What's in Print: Foreign Relations of the United States, 1958-1960

HO Source: Office of the Historian, Bureau of Public Affairs Date: Oct, 13 199210/13/92 Category: Features Region: Southeast Asia, South Asia Country: India, Pakistan, Sri Lanka, Nepal, Philippines, Thailand, Afghanistan Subject: History, Security Assistance and Sales, Trade/Economics, Regional/Civil Unrest [TEXT] Foreign Relations of the United States, 1958-1960, Volume XV, South and Southeast Asia This volume released by the Office of the Historian, records the efforts of President Eisenhower's Administration to pursue policies that fostered the external security and internal stability of the nations of South and Southeast Asia. It presents the official record of US policy drawn from documents originating in the Department of State, White House, and Defense Department and the Joint Chiefs of Staff. It is the third of five volumes covering US policy in East Asia for the period. The US tried to help settle the India-Pakistan disputes over Kashmir and the use of Indus River waters, but a US attempt to bring about a total solution failed. US policy during this period aimed to keep Afghanistan neutral in the Cold War and to encourage Afghan reconciliation of ethnic and border disputes within Pakistan. In Ceylon (Sri Lanka), the United States was concerned about growing political and economic instability after the prime minister was assassinated in September 1959. Policy toward Nepal focused on US endeavors, with modest aid and advice, to counter Soviet influence while avoiding a challenge to Nepal's close relationship with India. The related hope of encouraging democracy suffered a setback when King Mahendra dissolved the elected government. In the Philippines, the United States increased aid and negotiated several revisions of the 1947 Military Bases Agreement, including transfer of substantial baselands back to the Philippines.

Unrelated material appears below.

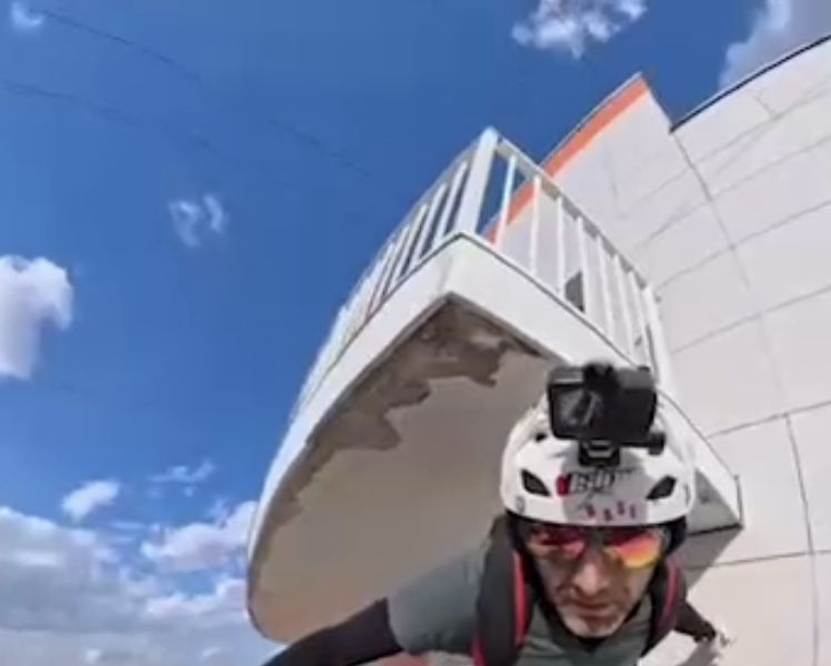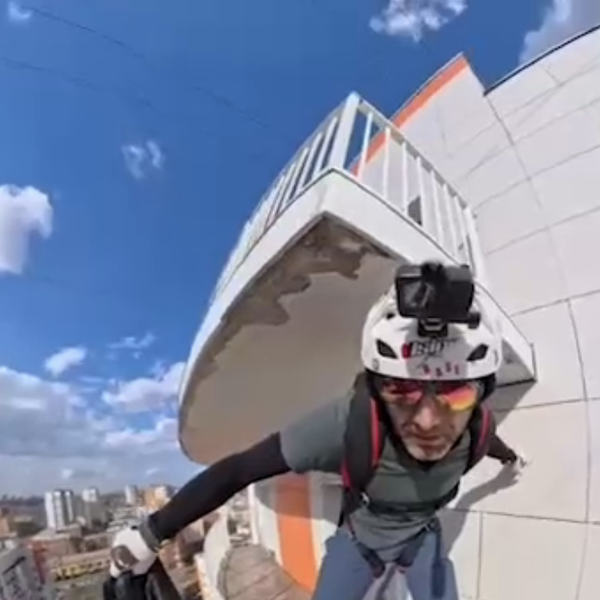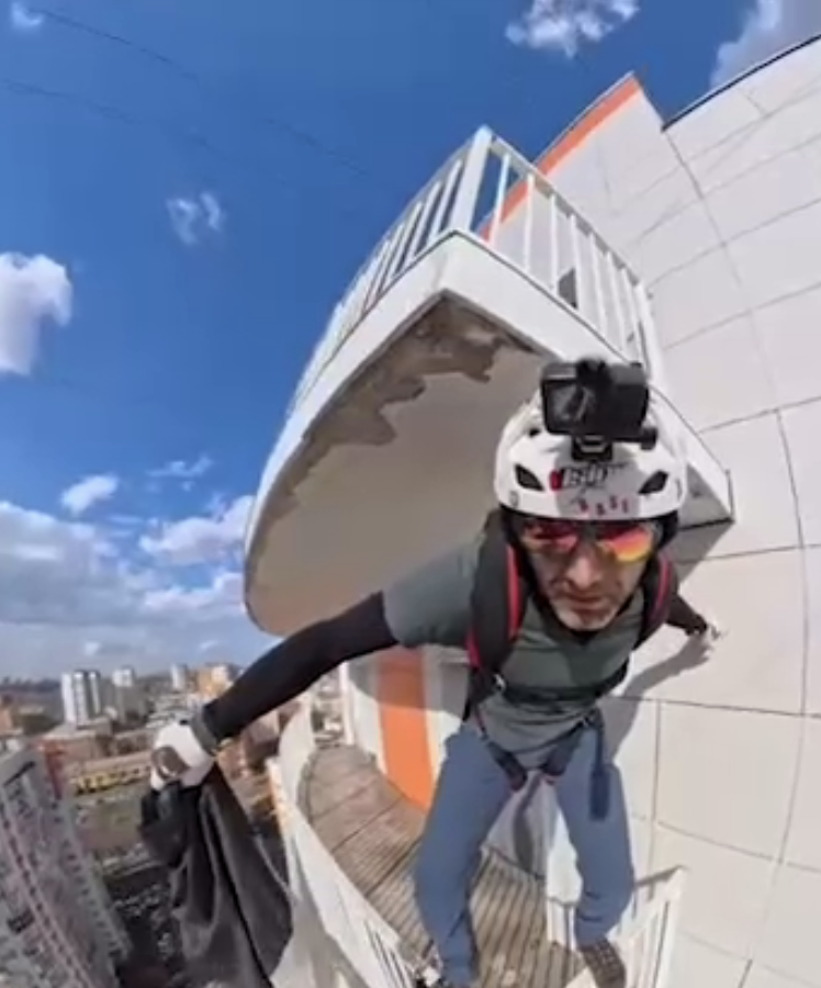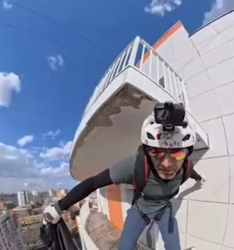 Прыжок с огромной высоты снимался на камеру от первого лица. Кадры полета с высоты минимум в 20 этажей экстремал позже выложил в соцсети.

In Thailand, the US provided sufficient economic and military aid to consolidate relations with Thai Field Marshall Sarit Thanarit, who dominated the Thai Government informally prior to becoming Prime Minister early in 1959. Volume XV, South and Southeast Asia, 1958-1960 (GPO Stock No. 044-000- 02326-1) may be purchased for $45.00 domestic postpaid (international customers please add 25%) from the Superintendent of Documents, Government Printing Office, New Orders, PO Box 37154, Pittsburgh, PA 15250-7954. For further information, contact Glenn W. LaFantasie, General Editor of the Foreign Relations series at (202) 663-1133. (###)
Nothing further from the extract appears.